Information given:
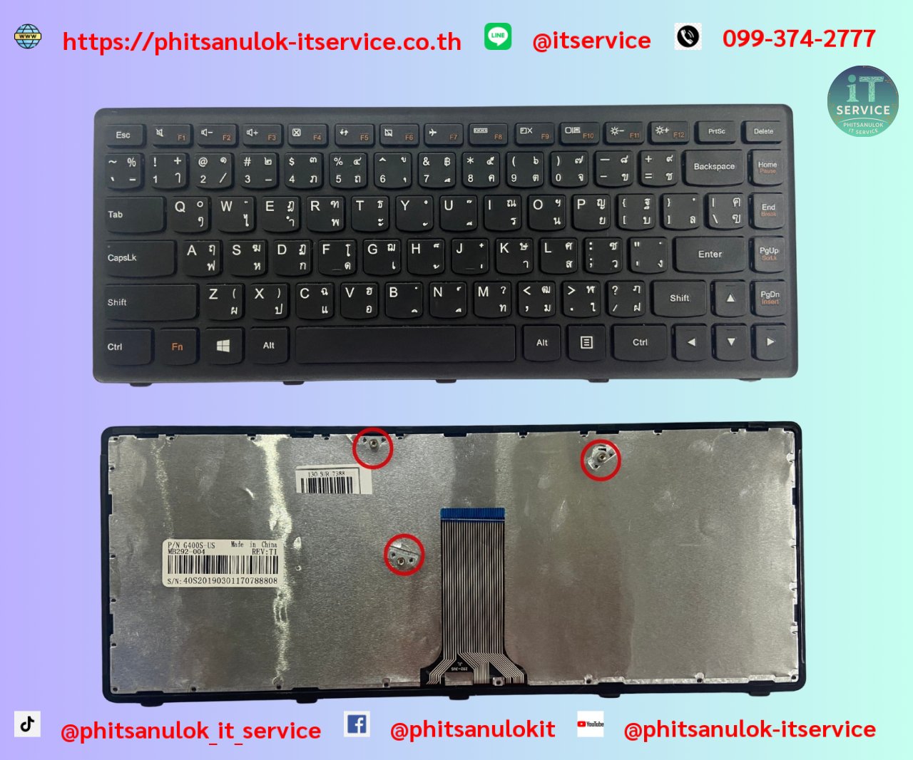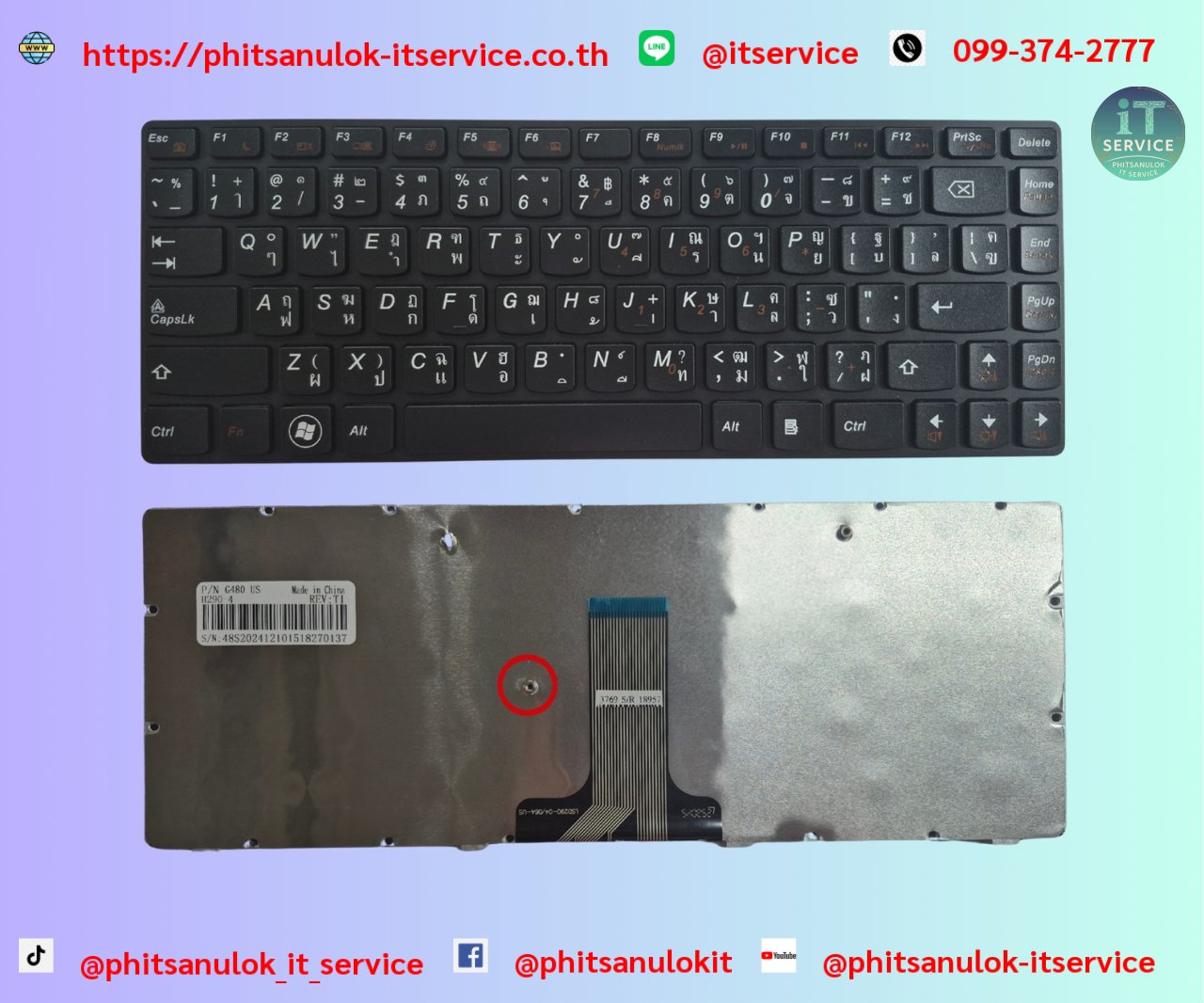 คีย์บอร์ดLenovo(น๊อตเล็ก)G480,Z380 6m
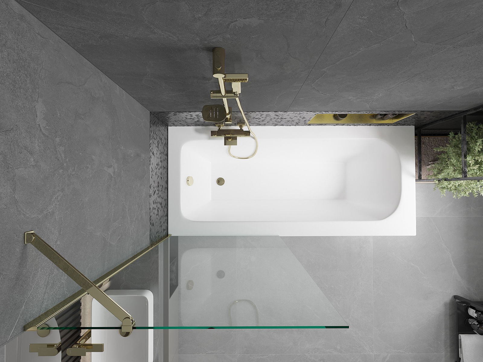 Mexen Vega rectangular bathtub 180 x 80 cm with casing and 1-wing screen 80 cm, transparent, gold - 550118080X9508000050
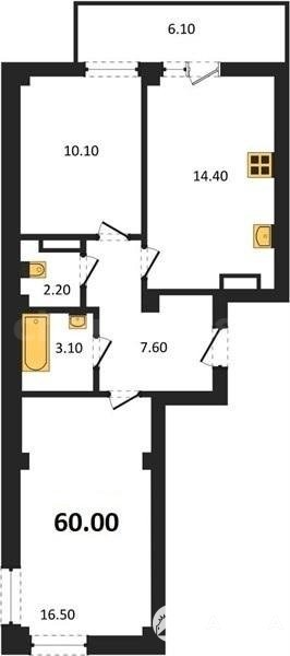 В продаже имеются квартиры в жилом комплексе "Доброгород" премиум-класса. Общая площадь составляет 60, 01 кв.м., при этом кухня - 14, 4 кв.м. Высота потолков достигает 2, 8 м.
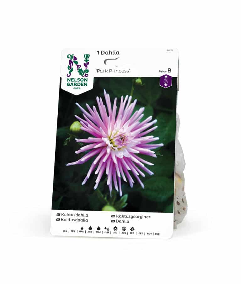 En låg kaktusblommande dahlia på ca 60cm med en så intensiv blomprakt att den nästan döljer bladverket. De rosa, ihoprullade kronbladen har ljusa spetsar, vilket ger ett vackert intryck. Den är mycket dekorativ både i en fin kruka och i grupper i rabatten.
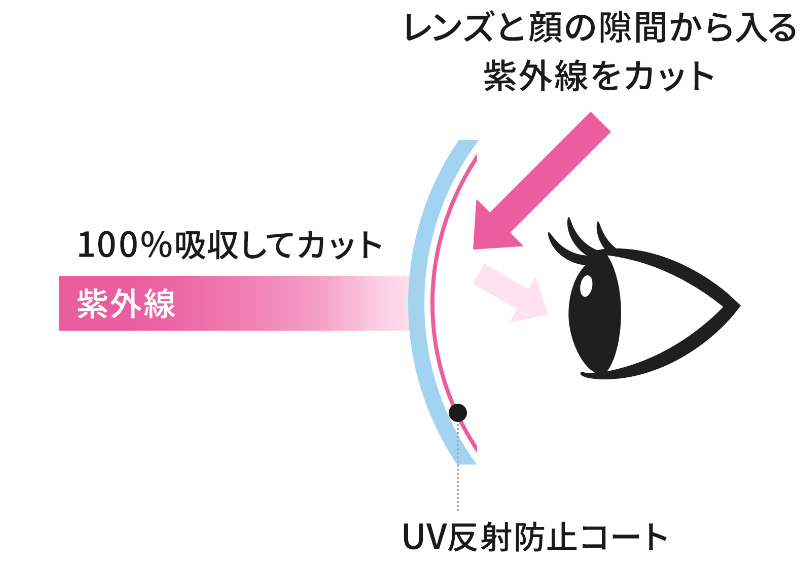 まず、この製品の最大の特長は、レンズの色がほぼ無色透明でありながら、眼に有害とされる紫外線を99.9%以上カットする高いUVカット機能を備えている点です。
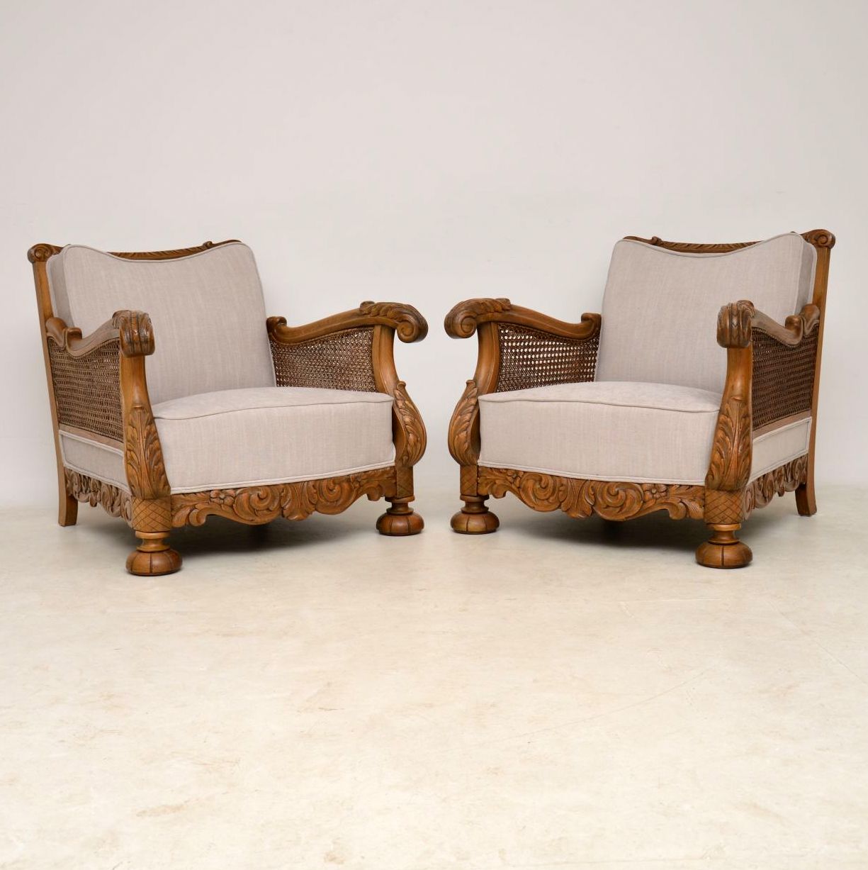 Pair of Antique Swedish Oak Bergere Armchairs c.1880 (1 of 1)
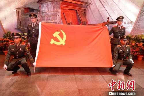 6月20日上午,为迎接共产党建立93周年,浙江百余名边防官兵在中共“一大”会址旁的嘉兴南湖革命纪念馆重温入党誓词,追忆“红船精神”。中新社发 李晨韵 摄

--

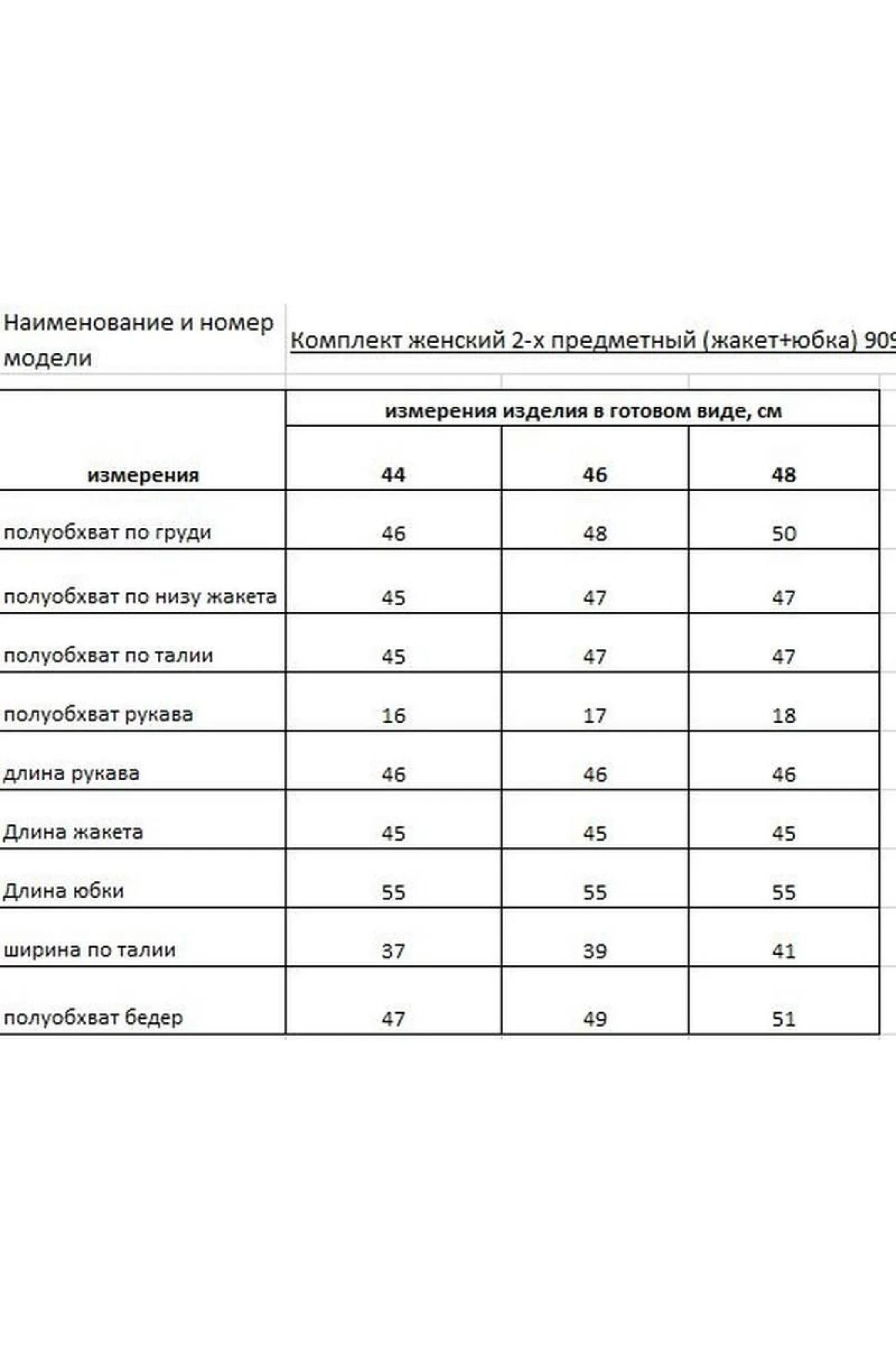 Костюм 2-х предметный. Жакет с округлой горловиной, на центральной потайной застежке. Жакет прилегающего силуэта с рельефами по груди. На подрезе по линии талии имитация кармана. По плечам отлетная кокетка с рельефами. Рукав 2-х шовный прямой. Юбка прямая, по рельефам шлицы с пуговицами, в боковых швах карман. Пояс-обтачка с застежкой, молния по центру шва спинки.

---

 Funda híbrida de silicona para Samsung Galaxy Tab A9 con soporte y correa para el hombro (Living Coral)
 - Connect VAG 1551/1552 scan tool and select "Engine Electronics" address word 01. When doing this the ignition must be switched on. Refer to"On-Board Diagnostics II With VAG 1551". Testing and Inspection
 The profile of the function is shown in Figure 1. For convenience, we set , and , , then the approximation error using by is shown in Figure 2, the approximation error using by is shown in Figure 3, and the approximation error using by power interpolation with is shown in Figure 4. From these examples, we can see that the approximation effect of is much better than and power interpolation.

Task item: Each line from the one that contains "คีย์บอร์ดLenovo(น๊อตเล็ก)G480,Z380 6m" down to the one that contains "В продаже имеются" is to be returned exactly as it stands above, both ends included, with pictures removed.

Task result:
 คีย์บอร์ดLenovo(น๊อตเล็ก)G480,Z380 6m
 Mexen Vega rectangular bathtub 180 x 80 cm with casing and 1-wing screen 80 cm, transparent, gold - 550118080X9508000050
 В продаже имеются квартиры в жилом комплексе "Доброгород" премиум-класса. Общая площадь составляет 60, 01 кв.м., при этом кухня - 14, 4 кв.м. Высота потолков достигает 2, 8 м.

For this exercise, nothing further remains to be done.